→ REQUIRED ACTION: Return only the lines below starting at the line containing "El tablero de" and ending at the line containing "添加完文案后,点击右上方导出按钮。", both included, exactly as they are and with no pictures.

→ DATA SUPPLIED:

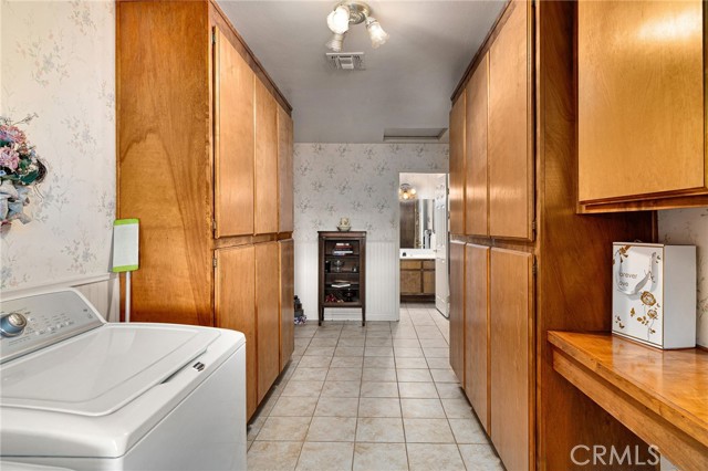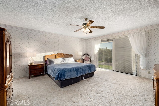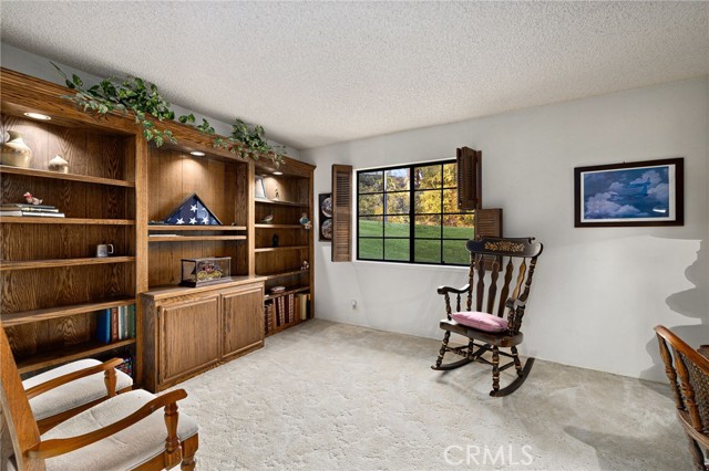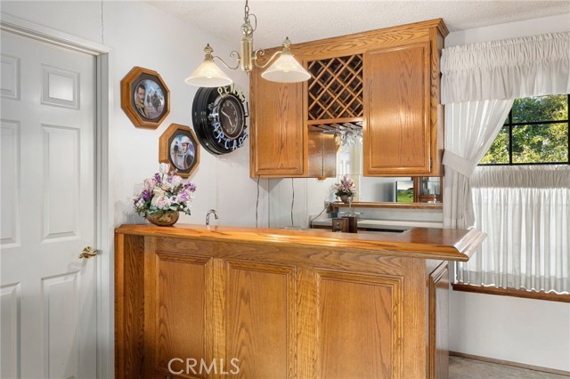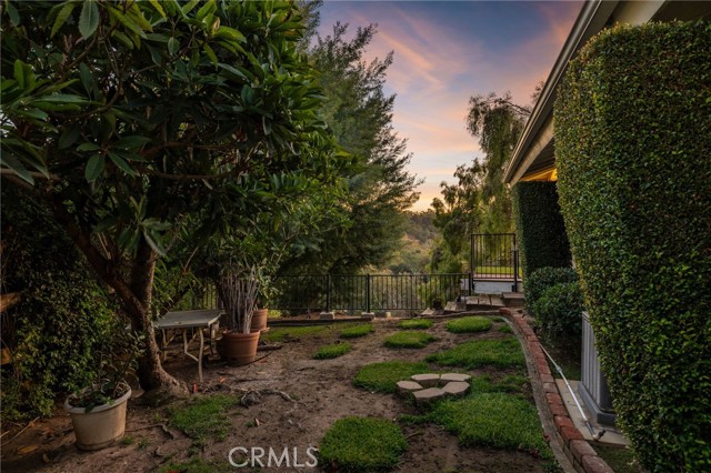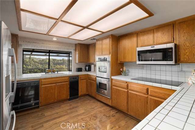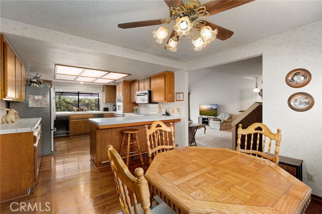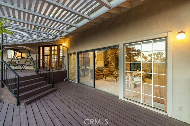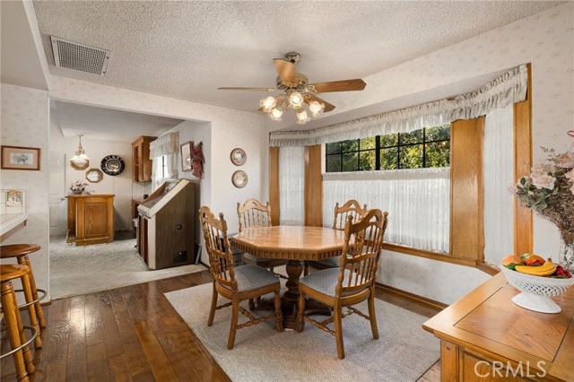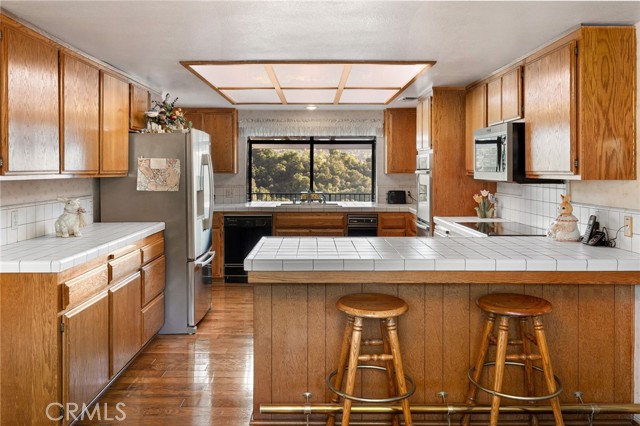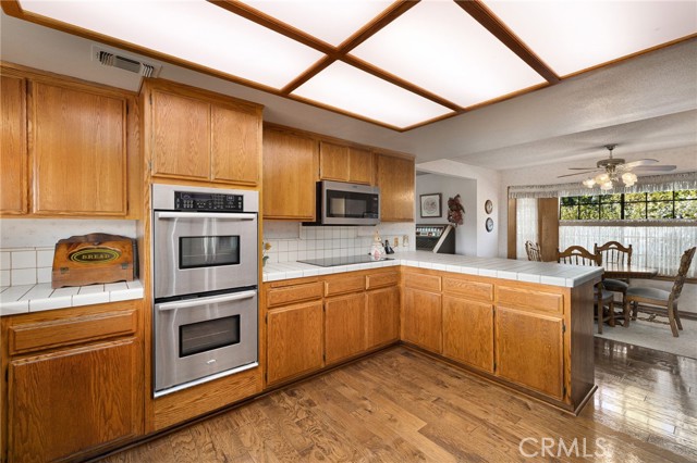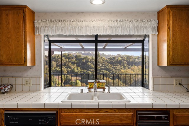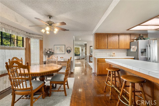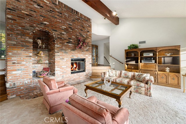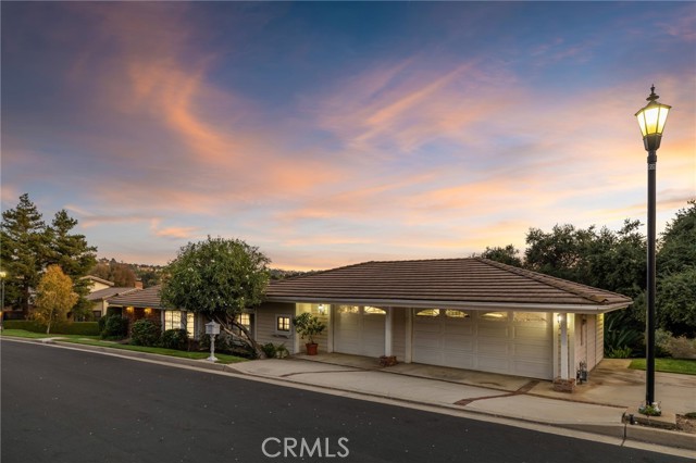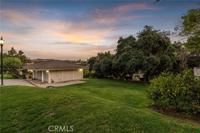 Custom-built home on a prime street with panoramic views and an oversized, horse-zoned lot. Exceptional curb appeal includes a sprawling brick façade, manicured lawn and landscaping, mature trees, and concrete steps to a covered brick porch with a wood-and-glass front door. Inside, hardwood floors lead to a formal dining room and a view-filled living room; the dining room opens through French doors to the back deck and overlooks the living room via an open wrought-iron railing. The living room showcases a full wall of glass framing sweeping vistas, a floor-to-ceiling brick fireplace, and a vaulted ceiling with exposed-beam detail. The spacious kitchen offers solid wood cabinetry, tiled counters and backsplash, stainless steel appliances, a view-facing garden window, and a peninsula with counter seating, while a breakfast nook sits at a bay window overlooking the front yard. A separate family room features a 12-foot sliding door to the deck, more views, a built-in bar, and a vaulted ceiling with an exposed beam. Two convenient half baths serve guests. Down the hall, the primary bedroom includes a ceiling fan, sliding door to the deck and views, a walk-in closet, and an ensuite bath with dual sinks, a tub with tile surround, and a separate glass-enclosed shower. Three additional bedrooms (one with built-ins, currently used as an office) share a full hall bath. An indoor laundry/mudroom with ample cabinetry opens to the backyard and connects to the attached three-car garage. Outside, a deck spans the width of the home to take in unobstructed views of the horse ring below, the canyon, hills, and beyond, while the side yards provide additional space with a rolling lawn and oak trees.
--
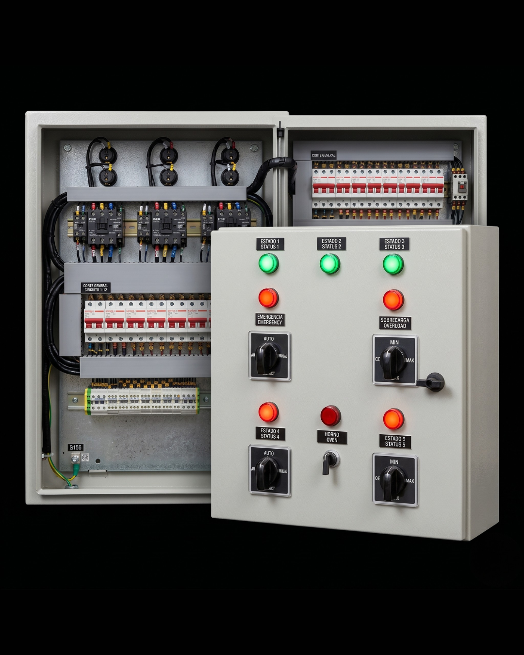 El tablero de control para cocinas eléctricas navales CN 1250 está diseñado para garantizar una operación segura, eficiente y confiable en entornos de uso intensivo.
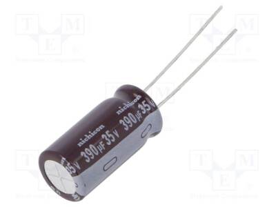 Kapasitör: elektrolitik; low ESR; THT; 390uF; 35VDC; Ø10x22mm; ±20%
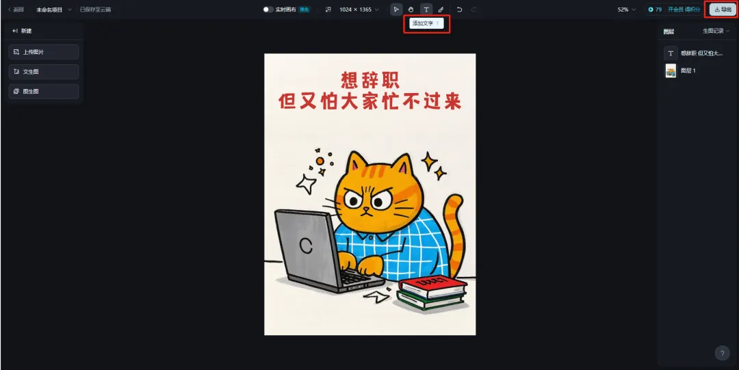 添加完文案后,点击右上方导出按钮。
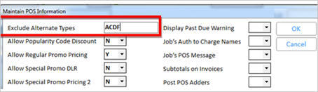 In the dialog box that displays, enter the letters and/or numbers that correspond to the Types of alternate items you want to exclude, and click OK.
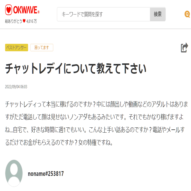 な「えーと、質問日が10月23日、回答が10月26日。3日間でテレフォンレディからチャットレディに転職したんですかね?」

→ YOUR RESPONSE:
 El tablero de control para cocinas eléctricas navales CN 1250 está diseñado para garantizar una operación segura, eficiente y confiable en entornos de uso intensivo.
 Kapasitör: elektrolitik; low ESR; THT; 390uF; 35VDC; Ø10x22mm; ±20%
 添加完文案后,点击右上方导出按钮。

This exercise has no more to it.